▶ [Assigned task]:
What you should give back is a precise copy of the lines below from the one containing "Таким образом, за" through the one containing "Mutta mennäänpä ensin", with no pictures.

▶ [Materials provided]:
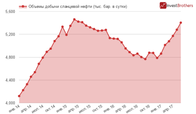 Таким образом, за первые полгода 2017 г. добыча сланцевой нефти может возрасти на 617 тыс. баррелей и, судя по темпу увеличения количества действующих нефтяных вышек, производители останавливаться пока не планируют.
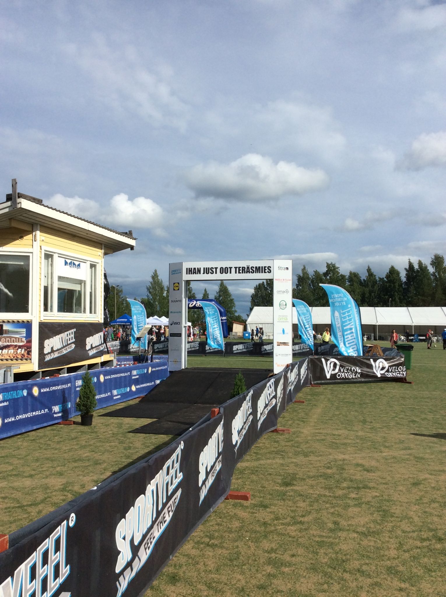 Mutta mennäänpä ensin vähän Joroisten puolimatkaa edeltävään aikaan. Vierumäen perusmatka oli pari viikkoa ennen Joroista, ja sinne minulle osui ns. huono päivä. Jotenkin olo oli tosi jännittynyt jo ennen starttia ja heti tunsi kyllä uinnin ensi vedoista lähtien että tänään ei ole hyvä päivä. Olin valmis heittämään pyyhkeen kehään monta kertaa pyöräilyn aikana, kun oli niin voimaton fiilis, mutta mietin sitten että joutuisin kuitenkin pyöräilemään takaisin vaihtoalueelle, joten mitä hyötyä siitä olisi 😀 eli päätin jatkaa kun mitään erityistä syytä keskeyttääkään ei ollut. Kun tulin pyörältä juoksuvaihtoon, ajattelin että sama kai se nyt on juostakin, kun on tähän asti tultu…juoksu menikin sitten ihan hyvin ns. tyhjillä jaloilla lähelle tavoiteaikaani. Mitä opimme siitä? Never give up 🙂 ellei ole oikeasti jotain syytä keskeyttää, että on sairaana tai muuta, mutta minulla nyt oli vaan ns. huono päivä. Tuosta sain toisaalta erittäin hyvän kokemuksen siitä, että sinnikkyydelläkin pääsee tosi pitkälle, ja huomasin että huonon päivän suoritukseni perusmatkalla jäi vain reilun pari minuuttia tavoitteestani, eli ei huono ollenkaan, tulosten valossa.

* * *

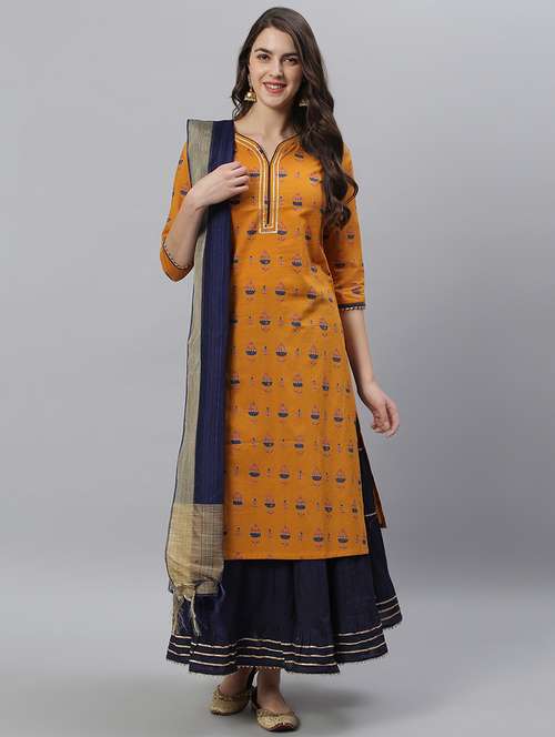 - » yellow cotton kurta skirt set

==

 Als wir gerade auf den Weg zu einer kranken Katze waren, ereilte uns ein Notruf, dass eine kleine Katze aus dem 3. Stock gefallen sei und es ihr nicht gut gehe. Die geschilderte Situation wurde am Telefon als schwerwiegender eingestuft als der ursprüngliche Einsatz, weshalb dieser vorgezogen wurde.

▶ [Finished exercise]:
 Таким образом, за первые полгода 2017 г. добыча сланцевой нефти может возрасти на 617 тыс. баррелей и, судя по темпу увеличения количества действующих нефтяных вышек, производители останавливаться пока не планируют.
 Mutta mennäänpä ensin vähän Joroisten puolimatkaa edeltävään aikaan. Vierumäen perusmatka oli pari viikkoa ennen Joroista, ja sinne minulle osui ns. huono päivä. Jotenkin olo oli tosi jännittynyt jo ennen starttia ja heti tunsi kyllä uinnin ensi vedoista lähtien että tänään ei ole hyvä päivä. Olin valmis heittämään pyyhkeen kehään monta kertaa pyöräilyn aikana, kun oli niin voimaton fiilis, mutta mietin sitten että joutuisin kuitenkin pyöräilemään takaisin vaihtoalueelle, joten mitä hyötyä siitä olisi 😀 eli päätin jatkaa kun mitään erityistä syytä keskeyttääkään ei ollut. Kun tulin pyörältä juoksuvaihtoon, ajattelin että sama kai se nyt on juostakin, kun on tähän asti tultu…juoksu menikin sitten ihan hyvin ns. tyhjillä jaloilla lähelle tavoiteaikaani. Mitä opimme siitä? Never give up 🙂 ellei ole oikeasti jotain syytä keskeyttää, että on sairaana tai muuta, mutta minulla nyt oli vaan ns. huono päivä. Tuosta sain toisaalta erittäin hyvän kokemuksen siitä, että sinnikkyydelläkin pääsee tosi pitkälle, ja huomasin että huonon päivän suoritukseni perusmatkalla jäi vain reilun pari minuuttia tavoitteestani, eli ei huono ollenkaan, tulosten valossa.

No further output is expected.